Sir Pitt Crawley (named after the great Commoner), was the son of Walpole Crawley, first Baronet, of the Tape and Sealing-Wax Office in the reign of George II., when he was impeached for peculation, as were a great number of other honest gentlemen of those days; and Walpole Crawley was, as need scarcely be said, son of John Churchill Crawley, named after the celebrated military commander of the reign of Queen Anne. The family tree (which hangs up at Queen's Crawley),

furthermore mentions Charles Stuart, afterwards called Barebones Crawley's son, the Crawley of James the First's time, and finally, Queen Elizabeth's Crawley, who is represented as the foreground of the picture in his forked beard and armour. Out of his waistcoat, as usual, grows a tree, on the main branches of which the above illustrious names are inscribed. Close by the name of Sir Pitt Crawley, Baronet (the subject of the present memoir), are written that of his brother, the Reverend Bute Crawley (the great Commoner was in disgrace when the reverend gentleman was born), rector of Crawley-cum-Snailby, and of various other male and female members of the Crawley family.

Sir Pitt was first married to Grizzel, sixth daughter of Mungo Binkie, Lord Binkie, and cousin, in consequence of Mr. Dundas. She brought him two sons: Pitt, named not so much after his father as after the heaven-born minister; and Rawdon Crawley, from the Prince of Wales's friend, whom his Majesty George IV. forgot so completely. Many years after her ladyship's demise, Sir Pitt led to the altar Rosa, daughter of Mr. G. Grafton of Mudbury, by whom he had two daughters, for whose benefit Miss Rebecca Sharp was now engaged as governess. It will be seen that the young lady was come into a family of very genteel connexions, and was about to move in a much more distinguished circle than that humble one which she had just quitted in Russell Square.

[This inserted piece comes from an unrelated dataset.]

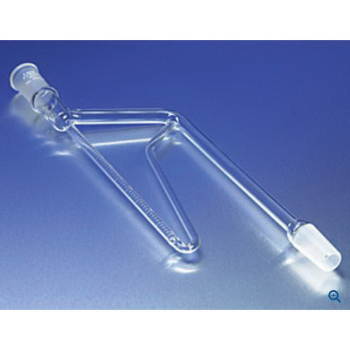 This 5 ml Pyrex® receiver is used to determine the amount of dilution in crankcase oils when gasoline has been used as fuel. It is designed to allow heat-sensitive materials to be kept away from the hot base of the flask and has an outer 24/40 standard taper joint at the top and an inner 24/40 standard taper joint on the sidearm.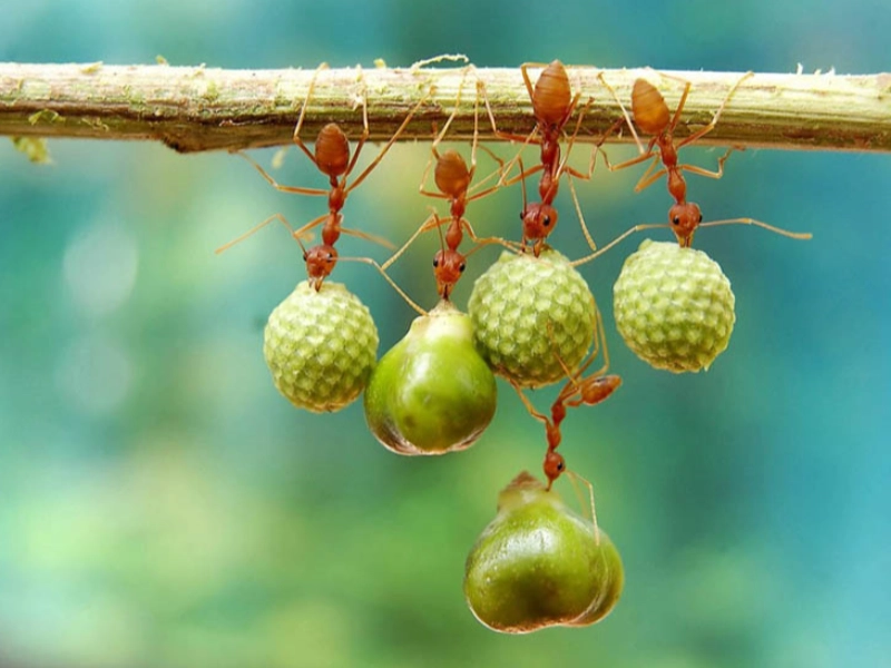 Ameisen sind Sinnbild für Zusammenarbeit und zielgerichtetes Handeln. Hier geben sie ihre mühsam errungene Nahrung nicht auf sondern koordinieren sich unbeirrt. Ihr gemeinsames Tragen zeigt die Stärke von Kooperation und verdeutlicht wie abgestimmtes Wirken große Wirkung entfalten kann. Ein Bild das Gemeinschaft betont.

She had received her orders to join her pupils, in a note which was written upon an old envelope, and which contained the following words :—

"Sir Pitt Crawley begs Miss Sharp and baggidge may be hear on Tuesday, as I leaf for Queen's Crawley to-morrow morning erly.

"Great Gaunt Street."

Rebecca had never seen a Baronet, as far as she knew, and as soon as she had taken leave of Amelia, and counted the guineas which goodnatured Mr. Sedley had put into a purse for her, and as soon as she had done wiping her eyes with her handkerchief (which operation she concluded the very moment the carriage had turned the corner of the street), she began to depict in her own inind what a baronet must be. "I wonder, does he wear a star?" thought she, "or is it only lords that wear stars? But he will be very handsomely dressed in a court suit, with ruffles and his hair a little powdered, like Mr. Wroughton at Covent Garden. I suppose he will be awfully proud, and that I shall be treated most contemptuously. Still I must bear my hard lot as well as I can-at least, I shall be amongst gentlefolks, and not with vulgar city people:" and she fell to thinking of her Russell Square friends with that very same philosophical bitterness with which, in a certain apologue, the fox is represented as speaking of the grapes.

Having passed through Shiverly Square into Great Gaunt Street, the carriage at length stopped at a tall gloomy house between two other tall gloomy houses, each with a hatchment over the middle drawing-room window; as is the custom of houses in Great Gaunt Street, in which gloomy locality death seems to reign perpetual. The shutters of the first floor windows of Sir Pitt's mansion were closed-those of the dining-room were partially open, and the blinds neatly covered up in old newspapers.